I'm starting working with GAPIT for GWAS. Here is an error that I get while trying to run. the simplest GLM with my data:
"[1] "GD does not mach GM in Manhattan !!!"
Error in [.data.frame
(GD, , !is.na(GI.MP[, 3])) :
undefined columns selected
In addition: Warning messages:
1: In rm(eig.L) : object 'eig.L' not found
2: In merge.data.frame(gs.blup, BLUE, by.x = "Taxa", by.y = "Taxa") :
column names ‘NA’, ‘NA’ are duplicated in the result"
Here is the code I've used:
myY <- read.table("populus_alive_pheno.csv", sep = ";", header = TRUE)
myG <- read.table("populus_test_new1.csv", sep= ";", header = FALSE)

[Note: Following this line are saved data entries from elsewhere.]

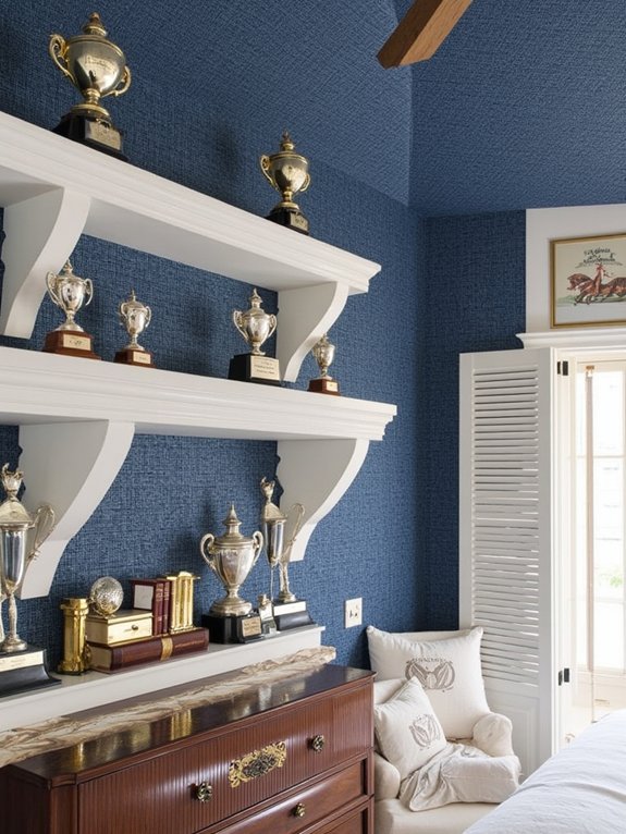 A collection of vintage polo trophies displayed thoughtfully creates an elegant and sophisticated focal point in any bedroom. The gleaming metal and classic designs showcase the rich heritage of this timeless sport while adding refined character to the space.
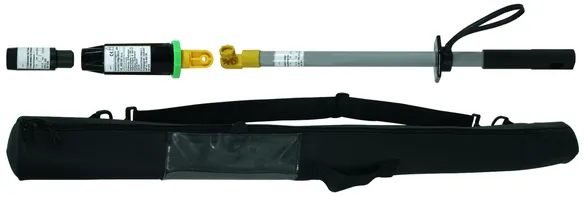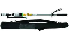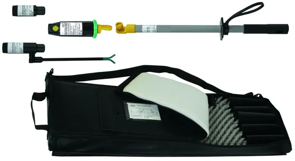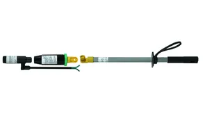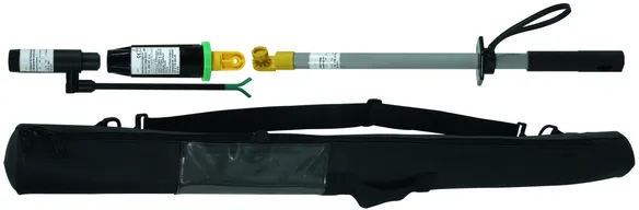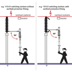 Az ASP érintkezés nélküli feszültségkémlelőt az „L” kategóriás e-mezőszenzorral úgy kell a zöld gyűrűvel az utolsó, földelt védőszerelvényre csatlakoztatni, hogy az e-mezőszenzor a másik szigetelővégre rögzített vezetősodrony irányába mutasson.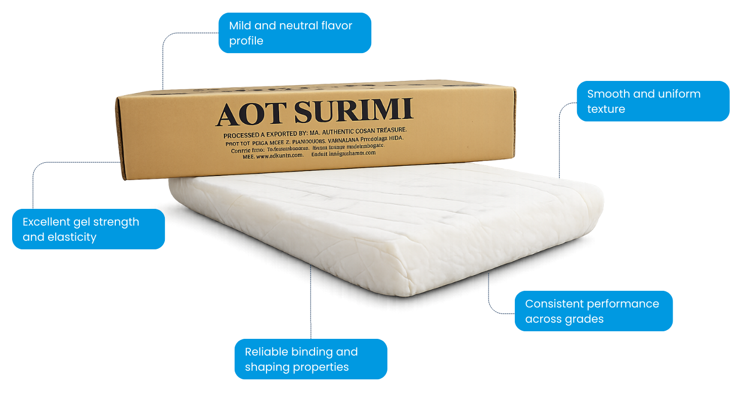 This surimi is valued for its mild, neutral flavor, smooth texture, high whiteness, and excellent gel-forming properties, making it suitable for premium and value-added seafood applications. Its consistent functional performance across batches ensures reliable processing results, positioning Itoyori Surimi as a preferred choice for manufacturers supplying international markets.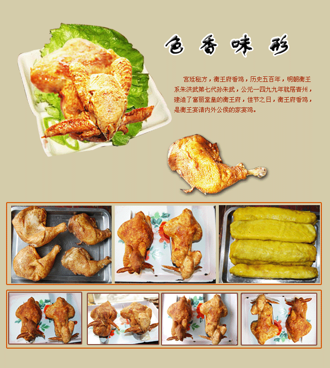 衡王府香鸡系明代衡王宴请公侯贵宾的主菜,有色、香、味、形俱佳的特点,鸡肉鲜嫩脱骨,口味独特,越嚼越香。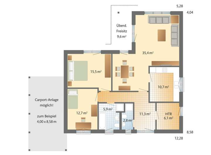 Anbauteile, Carport, Garage und Keller können Extras sein, die als Sonderausstattung angeboten werden. Abbildungen, Grundrisse und Flächenangaben sind beispielhaft und können Extras zeigen. Flächenangaben nach DIN 277.

dir.create(file.path(main_dir, "/res"))
setwd(paste(main_dir, "/res", sep=""))
myGAPIT_GLM0 <- GAPIT(
Y = myY[, 1:2],
G = myG,
SNP.MAF = 0.05,
SNP.fraction = 0, ## NO kinship
PCA.total = 0, ## no pop struct
Model.selection = FALSE,
model = "GLM",
Geno.View.output = FALSE ## required when too much SNPs
)
After running this code, GAPIT makes some phenotype statistics graphs, makes QQplot and Genomewise Manhattan, but stops when it comes to chromosome wide Manhattan.
I asked my colleague what can be the problem, and I was said that this error occurs due to different number of samples in genotype file and phenotype file. Browsing the internet, I found the same. But I've checked my data, there are 63 rows (samples) in the pheno file, and 74 columns (11 obligatory GAPIT columns + 63 samples) in the genotype file.
I attach screenshots of heads my datasets in case there is still some problem with them.